NEW YORK (GenomeWeb News) – Methylation marks across the human genome may make up an "epigenetic clock" for gauging the chronological age of various tissues in the human body, according to a study published online last night in Genome Biology.
A University of California at Los Angeles researcher used a computational method to fish out more than 350 age-informative cytosine methylation markers from thousands of healthy samples collected across the human lifespan and profiled using microarrays for prior studies.
Findings from the study suggest the resulting methylation-based aging predictor can accurately determine chronological age across multiple tissue types. The work also offered insights into how tissues age with time and revealed differences in aging profiles between tissues and in tumor samples. More work is needed to untangle the nature of the relationship between age and the methylation profiles described in the study.
"The big question is whether the biological clock controls a process that leads to aging," the study's author, Steve Horvath, a human genetics and biostatistics researcher affiliated with UCLA's David Geffen School of Medicine and the UCLA Fielding School of Public Health, said in a statement.
"If so, the clock will become an important biomarker for studying new therapeutic approaches to keeping us young," he added.
In an effort to explore previously proposed ties between aging and epigenetics, Horvath brought together cytosine methylation profiles that had been ascertained for 7,844 samples using Illumina 27K or 450K arrays.
The sample represented 51 non-cancerous human tissue and/or cell types and came from 82 different datasets, Horvath noted.
With a training set that included 39 of the datasets, he used a so-called elastic net regression model to whittle down to a set of 352 cytosine methylation marks that appeared promising for predicting the age of multiple tissues.
This methylation-based epigenetic clock was subsequently validated in healthy samples from dozens more studies before being used to assess aging patterns at specific cell stages or in tissue types.
After establishing these methylation-based clocks in normal tissues, for instance, Horvath turned his attention to 5,826 cancer samples from 32 different DNA methylation datasets.
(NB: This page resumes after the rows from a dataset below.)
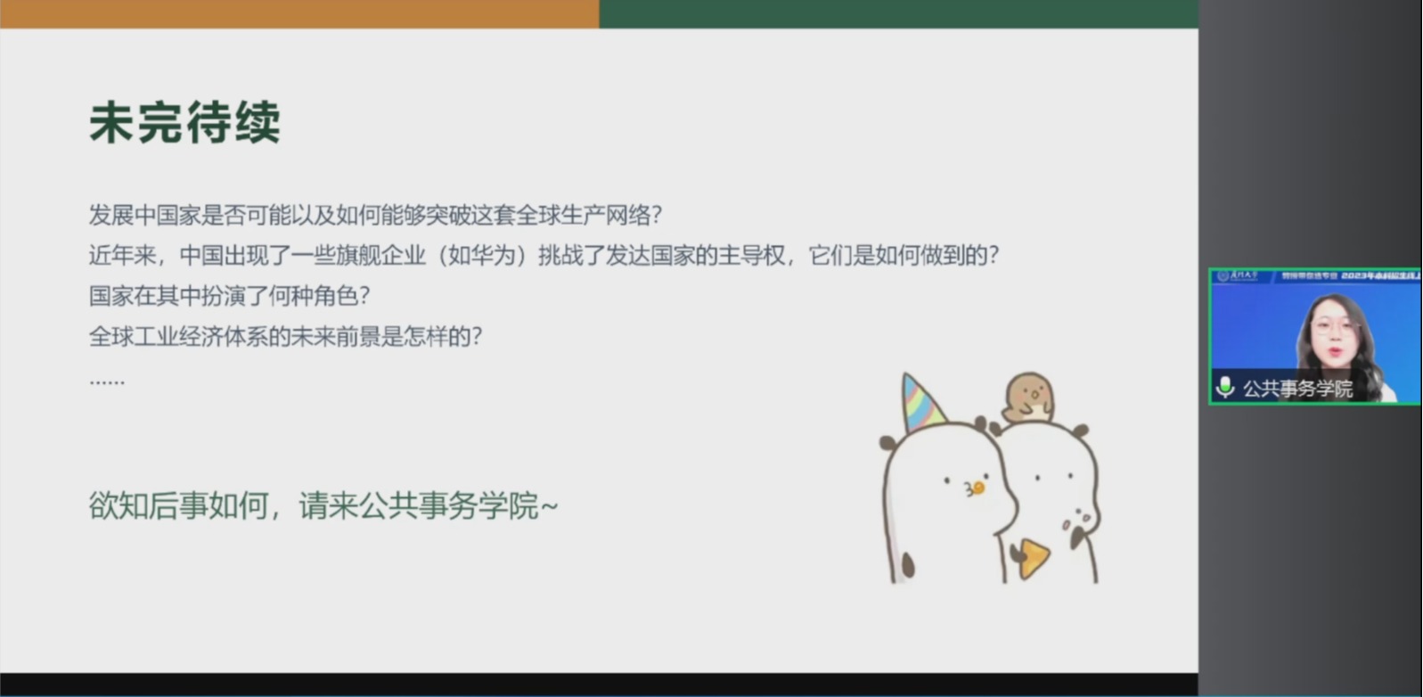 本次的线上宣讲虽然只有短短的一个小时,但是各位教师带领考生与家长充分感受了政治学与行政管理学的魅力所在。“立学公事、立心天地、立命生民”,洞悉古今中外各国政治之奥秘,探索家国民生重大发展之逻辑。选择公事,在不确定中找寻确定的方向;拥抱公事,在不确定中创造无限可能。欢迎各位考生报考厦门大学公共事务学院!
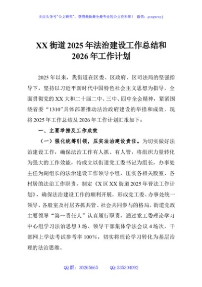 / XX街道2025年法治建设工作总结和2026年工作计划
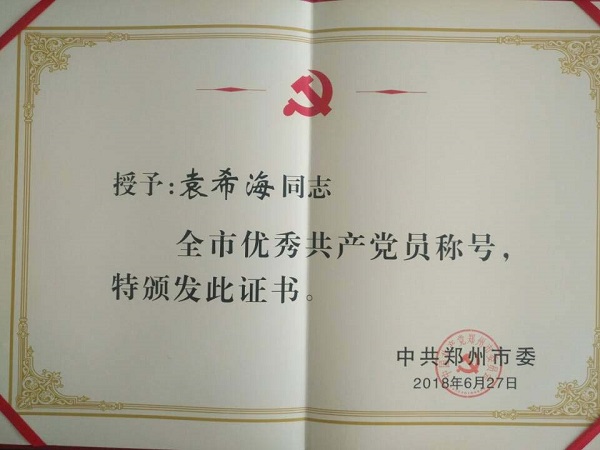 熱烈祝賀公司黨總支組織委員袁希海同志獲得“鄭州市優(yōu)秀共產(chǎn)黨員”榮譽(yù)稱號(hào)
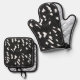 Mantenga las manos fuera de las ollas calentadas y prevenga los accidentes de quemadura con la ayuda de este juego de soporte de Oven Mitt & Pot de diseño geométrico blanco y negro.
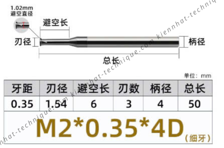 Đặt mua Dao phay ren hợp kim 0.35*6*50*4 P0.35 (1 răng)

That arm of the analysis indicated that the ability to predict age using the methylation clock tends to break down somewhat in tumor samples.
Generally speaking, though, cancers have DNA methylation "ages" beyond their years and appear far older than corresponding non-cancerous tissue. That was especially true for tumors containing relatively modest somatic mutation burdens.
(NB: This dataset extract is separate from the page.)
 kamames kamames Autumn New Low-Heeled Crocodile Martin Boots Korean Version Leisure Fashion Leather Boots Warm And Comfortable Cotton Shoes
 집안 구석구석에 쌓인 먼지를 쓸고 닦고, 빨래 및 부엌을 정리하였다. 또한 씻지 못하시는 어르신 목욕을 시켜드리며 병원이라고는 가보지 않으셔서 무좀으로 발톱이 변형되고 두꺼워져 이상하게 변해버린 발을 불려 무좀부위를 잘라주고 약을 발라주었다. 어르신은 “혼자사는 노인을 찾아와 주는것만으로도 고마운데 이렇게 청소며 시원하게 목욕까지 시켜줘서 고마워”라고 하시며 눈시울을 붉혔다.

It was also the case for some of the breast cancer samples examined in the study, though even normal breast tissue appeared to acquire more aged methylation marks than other tissues of the same chronological age.
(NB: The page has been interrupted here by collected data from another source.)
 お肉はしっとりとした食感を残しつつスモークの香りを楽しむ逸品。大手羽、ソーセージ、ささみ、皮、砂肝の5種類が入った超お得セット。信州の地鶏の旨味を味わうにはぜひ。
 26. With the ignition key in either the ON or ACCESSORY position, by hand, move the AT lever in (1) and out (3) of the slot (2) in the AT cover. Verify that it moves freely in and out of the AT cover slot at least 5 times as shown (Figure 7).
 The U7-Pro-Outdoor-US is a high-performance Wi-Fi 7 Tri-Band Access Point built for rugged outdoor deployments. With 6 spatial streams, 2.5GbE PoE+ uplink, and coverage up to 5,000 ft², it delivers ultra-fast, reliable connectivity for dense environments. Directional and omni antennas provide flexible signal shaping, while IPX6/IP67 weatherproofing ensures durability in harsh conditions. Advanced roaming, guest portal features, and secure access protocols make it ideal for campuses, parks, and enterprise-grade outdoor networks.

"Healthy breast tissue is about two to three years older than the rest of a woman's body," Horvath noted. "If a woman has breast cancer, the healthy tissue next to the tumor is an average of 12 years older than the rest of her body."
Breast tissue was one of the tissue types that showed less precise calibration on the DNA methylation-based aging clock, Horvath noted, particularly in the cancerous cases. But for samples from women without cancer, the epigenetic clock came up with age estimates that were within around seven-and-a-half years of individuals' chronological age, on average.
Induced pluripotent stem cells had "young" or "reset" epigenetic clocks, according to the study, reverting to methylation patterns reminiscent of those found in embryonic stem cells.
At the other extreme, Horvath saw that methylation marks did not seem to coincide with age in samples from individuals with premature-aging conditions such as Werner syndrome or Hutchinson-Gilford progeria.
Based on findings so far, Horvath argued that "[t]his novel epigenetic clock can be used to address a host of questions in developmental biology, cancer, and aging research." UCLA has reportedly filed for a provisional patent related to the work presented in the Genome Biology study.
Going forward, Horvath hopes to delve into the methylation clock's role in aging, if any, looking at the aging and/or cancer risk consequences of interfering with cells' ability to introduce age-related methylation changes.
Future follow-up work may also include studies aimed at determining whether a similar system exists in mice. Results so far suggest the DNA methylation method can be used to determine the age of chimpanzee tissues.